The ipa-adtrust-install command prepares the FreeIPA server and ipa trust-add finally sets up the trust. The IDM documentation explains the entire procedure and shows how to confirm that the setup succeeded.
Since Windows users have different properties from those of Linux users, Active Directory users may not have POSIX attributes such as the home directory path or the login shell. FreeIPA supports so-called ID views that add such attributes to users from another domain. These attributes remain within the FreeIPA domain and are effective only for IPA Linux clients.
Configuring NFSv4 Shares and Mounts
When sharing files between Linux systems, NFS is often used instead of SMB. The final subject on the exam covers the configuration of NFS shares and mounts, including some advanced features of NFSv4. Red Hat provides a good summary of how to configure NFS shares and how to mount NFS exports. The documentation also explains the role of the various NFS components and has a dedicated chapter on some of the advanced NFSv4 features such as authentication.
The Linux-NFS wiki provides some more information on NFS ACLs, The wiki also summarizes the use of NFS and FreeIPA. The University of Michigan adds a good explanation of ID mapping in NFS as well as another good summary of the NFSv4 configuration.
This is the final blog post regarding the LPIC-3 Mixed Environment exam. I hope this series helped you to prepare for the exam and set up a playground to experiment with all the commands and options mentioned in the exam objectives, even if they weren’t discussed explicitly in this series.

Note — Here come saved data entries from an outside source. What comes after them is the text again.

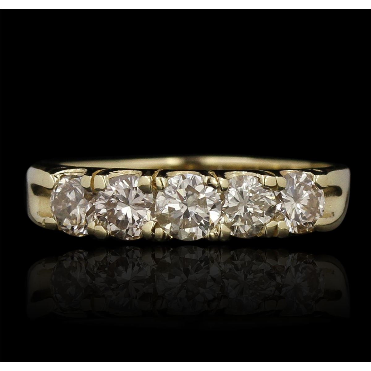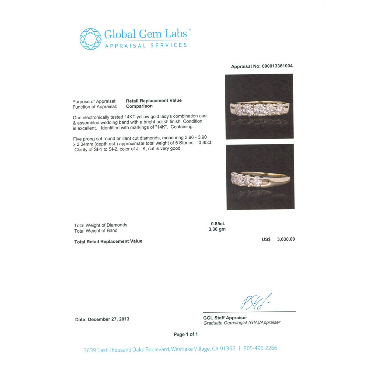 One electronically tested 14KT yellow gold Ladies combination cast & assembled wedding band with a bright polish finish. Identified with markings of "14K". Condition is excellent. Containing: Five prong set round brilliant cut diamonds, measuring 3.90 - 3.90 x 2.34mm (depth est.) approximate total weight of 5 Stones = 0.85ct. Clarity of SI-1 to SI-2, Color of J - K, Cut is Very Good. Total Weight of Diamonds 0.85ct. Total Weight of Band 3.30gm. GGL Appraised at $3,630.00.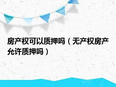 目前大家应该是对无产权房产允许质押吗比较感兴趣的,所以今天CC就来为大家整理了一些关于无产权房产允许质押吗方面的相关知识来分享给大家,希望大家会喜欢哦。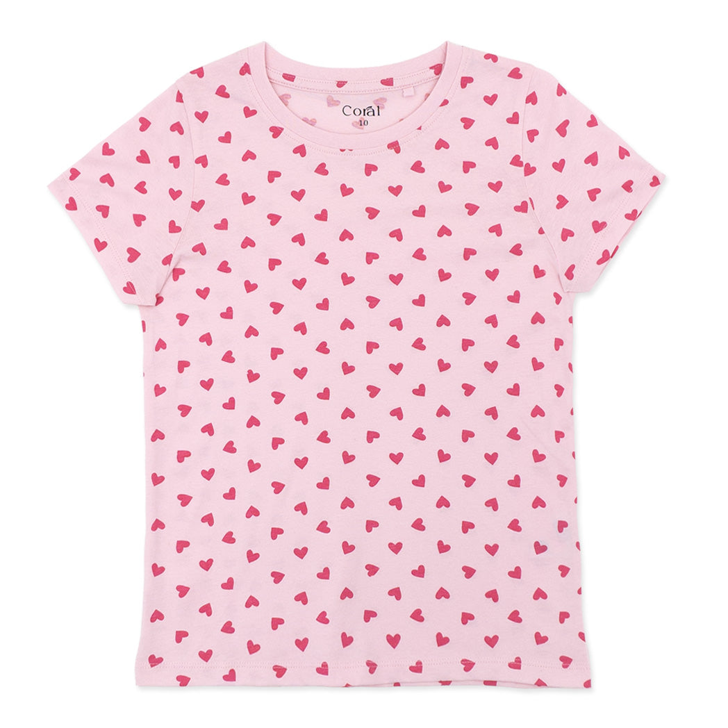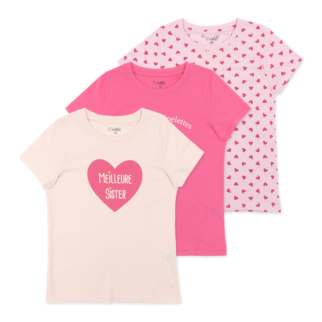 שלישיית חולצות בנות מודפסות בגווני ורוד ואפרסק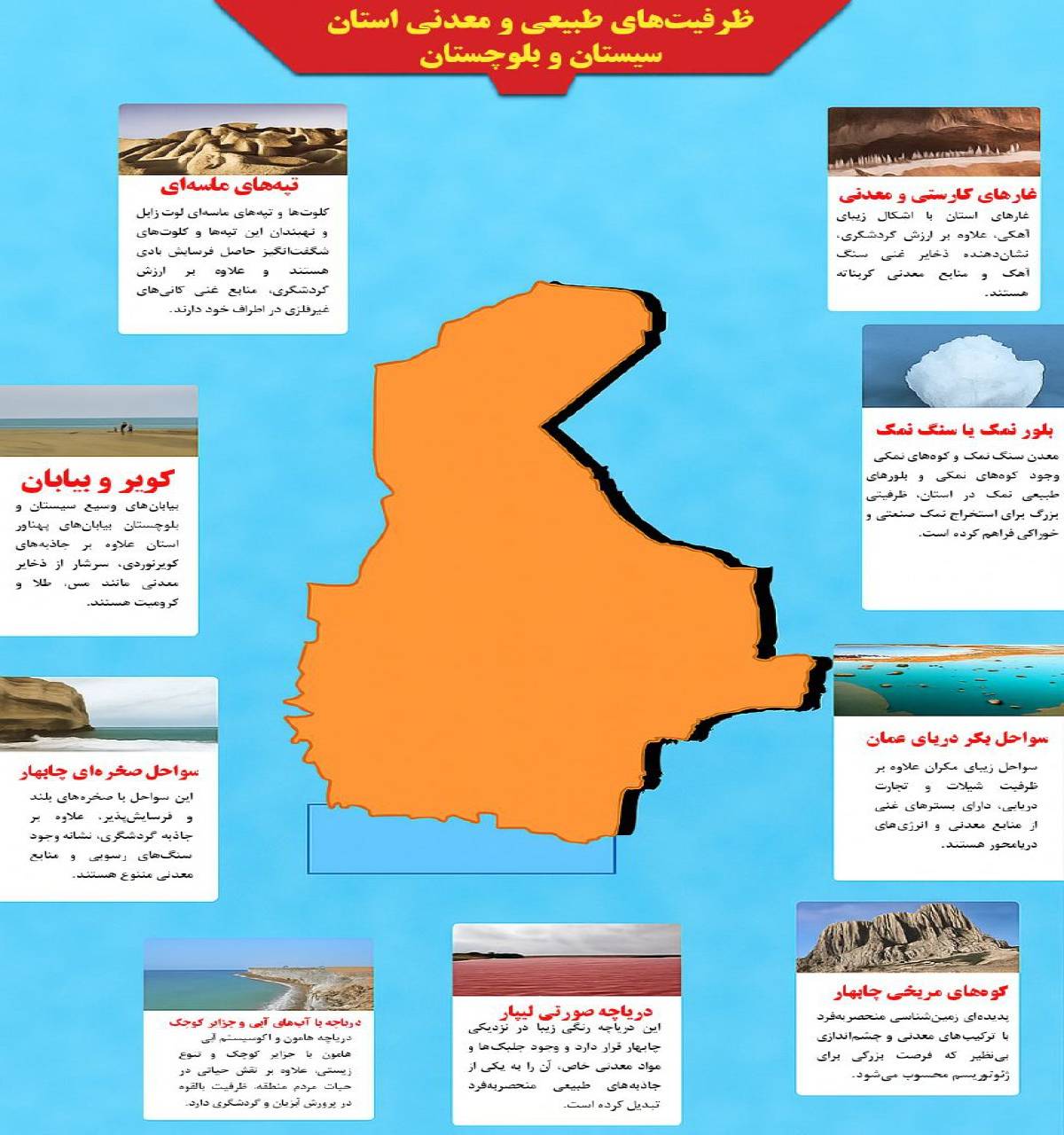 مجموعه اینفو گرافی : ظرفیت های طبیعی و معدنی استان سیستان و بلوچستان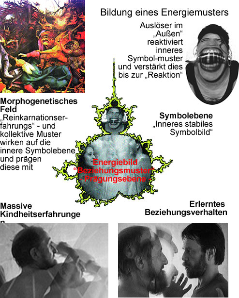 Alle massiven Erinnerungen prägen sich ein. Hat z.B. ein Mann in der Kindheit eine lieblose Mutter gehabt und einen Vater, der sein männliches Selbstwertgefühl mit Schlägen zerstört hat, ist seine Energiebildstruktur bezüglich Beziehungen deformiert. Lernt er jetzt die schwärmerische erste Liebe kennen und bekommt durch sein ungeschicktes Verhalten weitere Selbstwerteinbrüche werden seine inneren Symbolbilder dies integrieren: Eine innere agressive Frau entsteht. Bekommt er später in diesem Kontext einen massiven Auslöser - Freundin geht fremd ?- kippt die Struktur in eine unbe-wußte Handlungsanweisung und er rastet unangemessen aus! |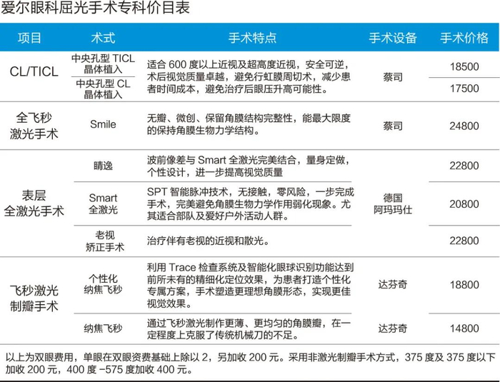 《21CBR》记者在网上找到的一份价目单中,爱尔眼科一台全飞秒手术价格在24800,艾芬所做的白内障手术,据公司一位离职员工猜测,或是“焕晶”手术,双焦点价格在双焦点晶体的价格在4万-5万/双眼,三焦点晶体的价格在8万-9万/双眼,价格不菲。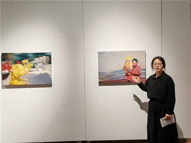 应届硕士毕业生杨茜怡创作了一组三幅油画作品,取名《时间的游弋》,灵感缘起于尘封相册。杨茜怡告诉记者,翻阅相册,旧日记忆隐现。三幅画作交织往昔,有儿时的自我、公园中的空镜与奶奶怀抱。笔触疾驰,背景涌动,人物朦胧,像极了那时光的流转奔腾。她想用作品探寻时间、记忆与身份。“旧照模糊,怀念情深,记忆永不逝。”毕业也是另一个起点。目前,杨茜怡已签约永利皇宫登录官网第二附属中学松江实验学校,她将成为一名初中美术老师,成为一个美育工作者和传播者。

If you decide to prove your new skills by taking the LPIC-3 exam, I wish you the best of luck.
Finally, I cannot conclude this blog series without shoutouts to the Samba team and the folks at Red Hat. We have referenced the Samba Wiki and the FreeIPA/Red Hat IDM documentation a lot; both are excellent resources for the exam preparation. Thank you all for all your efforts you put in your development and documentation. You’re doing great work.